_Work to be completed_
Make an exact copy of the listing below. Pictures stay out of it.
┌─ The data
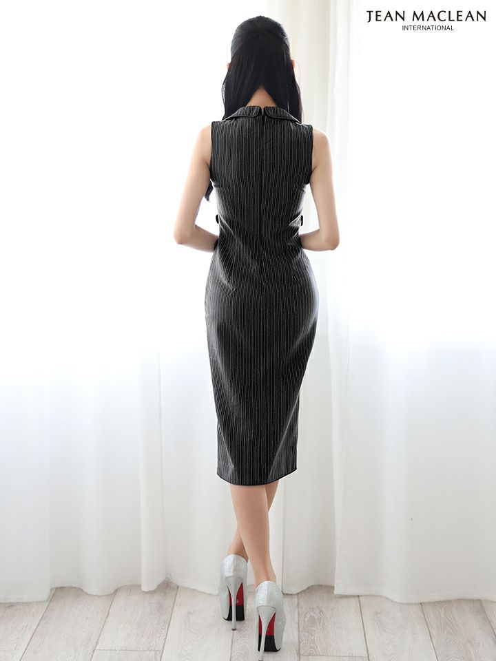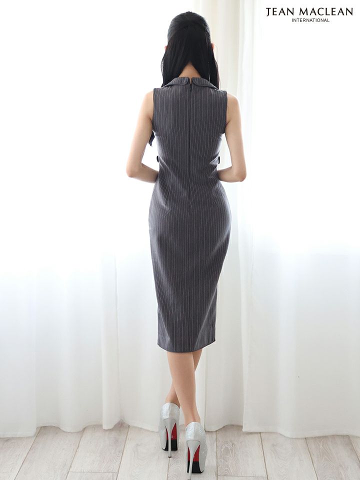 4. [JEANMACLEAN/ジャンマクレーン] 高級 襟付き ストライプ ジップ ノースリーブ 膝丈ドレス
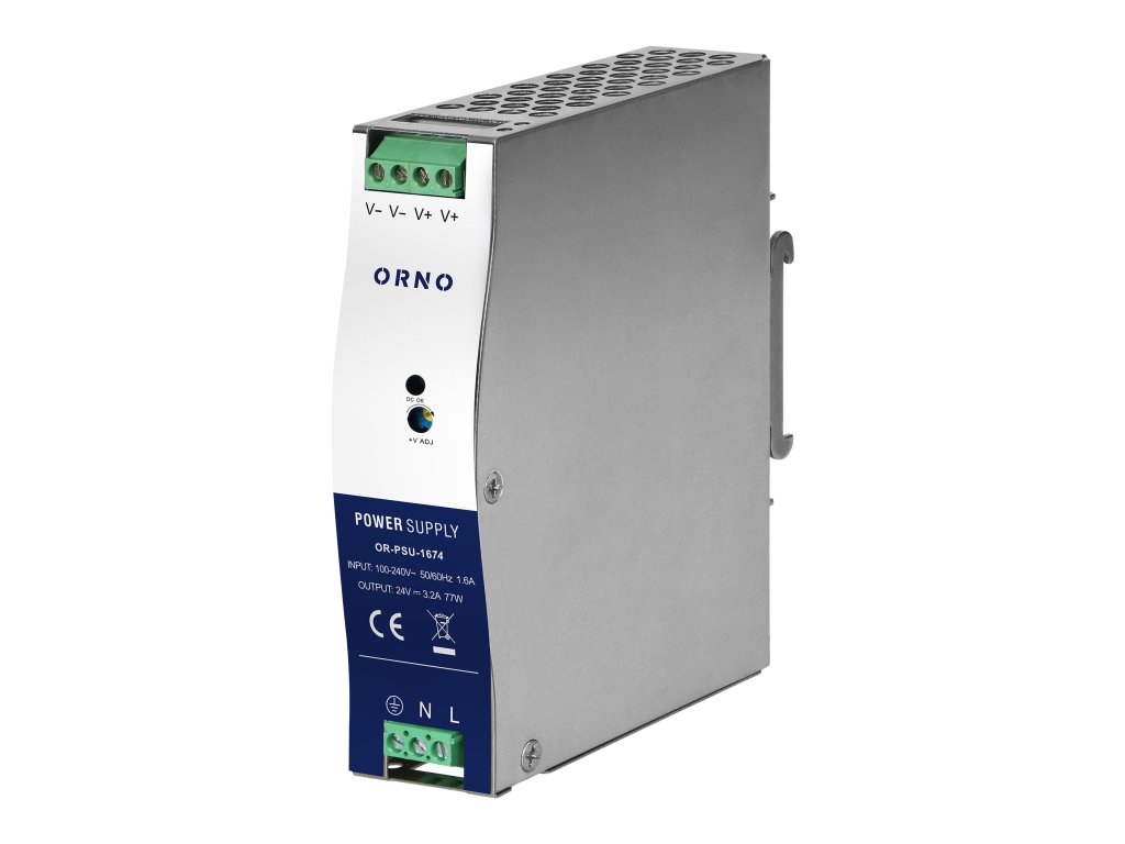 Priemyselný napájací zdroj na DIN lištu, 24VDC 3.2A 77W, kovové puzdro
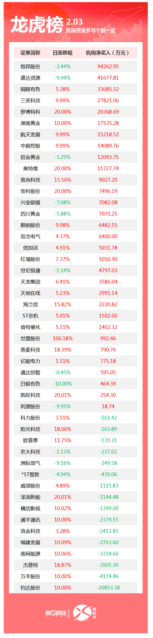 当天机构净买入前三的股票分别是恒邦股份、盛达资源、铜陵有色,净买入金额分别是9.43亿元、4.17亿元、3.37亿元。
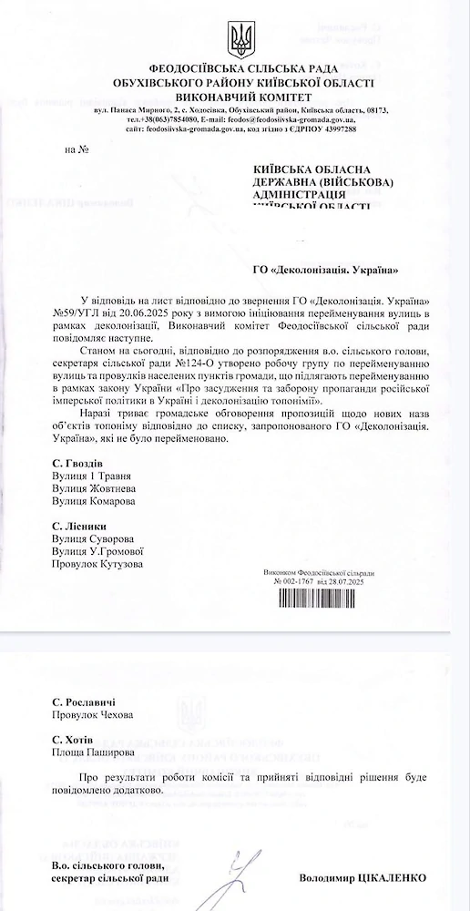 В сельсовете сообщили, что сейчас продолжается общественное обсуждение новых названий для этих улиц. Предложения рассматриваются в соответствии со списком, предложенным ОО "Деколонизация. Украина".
└─
_Answer to the problem_
 4. [JEANMACLEAN/ジャンマクレーン] 高級 襟付き ストライプ ジップ ノースリーブ 膝丈ドレス
 Priemyselný napájací zdroj na DIN lištu, 24VDC 3.2A 77W, kovové puzdro
 当天机构净买入前三的股票分别是恒邦股份、盛达资源、铜陵有色,净买入金额分别是9.43亿元、4.17亿元、3.37亿元。
 В сельсовете сообщили, что сейчас продолжается общественное обсуждение новых названий для этих улиц. Предложения рассматриваются в соответствии со списком, предложенным ОО "Деколонизация. Украина".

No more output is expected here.